> [Task objective]
Write out the listing below without alteration, omitting its pictures.

Segment Start: Stored data

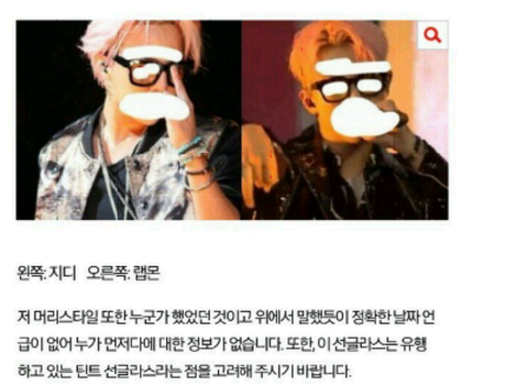 머리스타일과 선글라스가 겹치는 거에 대해 표절 제기
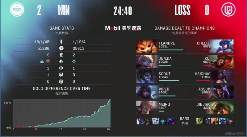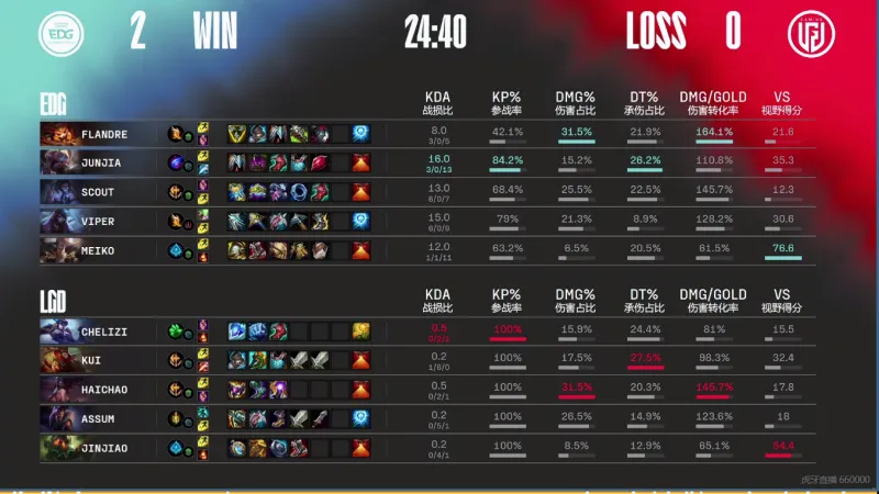 24分钟,德莱文先行阵亡,LGD正面团战溃败,EDG一波终结比赛。
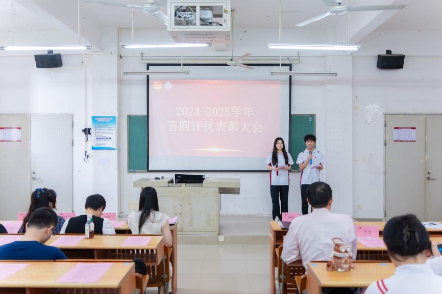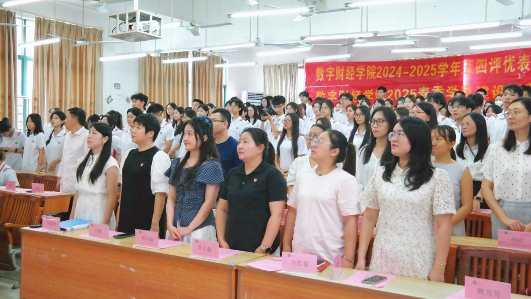 为深入学习贯彻习近平总书记五四青年节对全国广大青年寄语精神,为表彰先进,树立典型,激励各级团组织和广大团员青年挺膺担当,再创佳绩。数字财经学院于2025年6月18日下午在(广州校区)博学楼B501、(江门校区)2号教学大楼308课室召开2024-2025学年五四评优表彰大会。 主持人致辞 介绍到场领导、嘉宾 奏唱中国共青团团歌 院团委郑傲然书记宣读“数字财经学院关于表彰2024-2025年度五四评优表彰的决定”。希望获得表彰的集体与个人能够保持谦逊、锐意进取,再攀新高,再续新功。 颁奖环节 校园文化积极分子 优秀志愿者 优秀共青团员 优秀共青团标兵 优秀共青团干部 优秀社团 第三届“体育文化节”跳绳比赛-团体第三名、单人二等奖 第三届“体育文化节”羽毛球精英杯比赛-团体第一名 院五四红旗团支部 院学生会、校艺术团表演《世界赠与我的》 院学生会、校艺术团合唱表演《世界赠予我的》,借旋律传递青春对世界馈赠的思索,呼应赓续使命、发扬五四精神的大会主旨,激励团员在中国式现代化征程中,拥抱馈赠、勇担责任,让青春绽放光彩。 此次五四评优表彰大会,彰显青年榜样的昂扬风貌,激发青年学子的昂扬斗志。我院学子应传承五四精神内核,以进取之姿汇聚合力,携手推动学院发展开创新局面,向着更高远的目标奋勇进发!

Segment End: Stored data

> [Solution]
 머리스타일과 선글라스가 겹치는 거에 대해 표절 제기
 24分钟,德莱文先行阵亡,LGD正面团战溃败,EDG一波终结比赛。
 为深入学习贯彻习近平总书记五四青年节对全国广大青年寄语精神,为表彰先进,树立典型,激励各级团组织和广大团员青年挺膺担当,再创佳绩。数字财经学院于2025年6月18日下午在(广州校区)博学楼B501、(江门校区)2号教学大楼308课室召开2024-2025学年五四评优表彰大会。 主持人致辞 介绍到场领导、嘉宾 奏唱中国共青团团歌 院团委郑傲然书记宣读“数字财经学院关于表彰2024-2025年度五四评优表彰的决定”。希望获得表彰的集体与个人能够保持谦逊、锐意进取,再攀新高,再续新功。 颁奖环节 校园文化积极分子 优秀志愿者 优秀共青团员 优秀共青团标兵 优秀共青团干部 优秀社团 第三届“体育文化节”跳绳比赛-团体第三名、单人二等奖 第三届“体育文化节”羽毛球精英杯比赛-团体第一名 院五四红旗团支部 院学生会、校艺术团表演《世界赠与我的》 院学生会、校艺术团合唱表演《世界赠予我的》,借旋律传递青春对世界馈赠的思索,呼应赓续使命、发扬五四精神的大会主旨,激励团员在中国式现代化征程中,拥抱馈赠、勇担责任,让青春绽放光彩。 此次五四评优表彰大会,彰显青年榜样的昂扬风貌,激发青年学子的昂扬斗志。我院学子应传承五四精神内核,以进取之姿汇聚合力,携手推动学院发展开创新局面,向着更高远的目标奋勇进发!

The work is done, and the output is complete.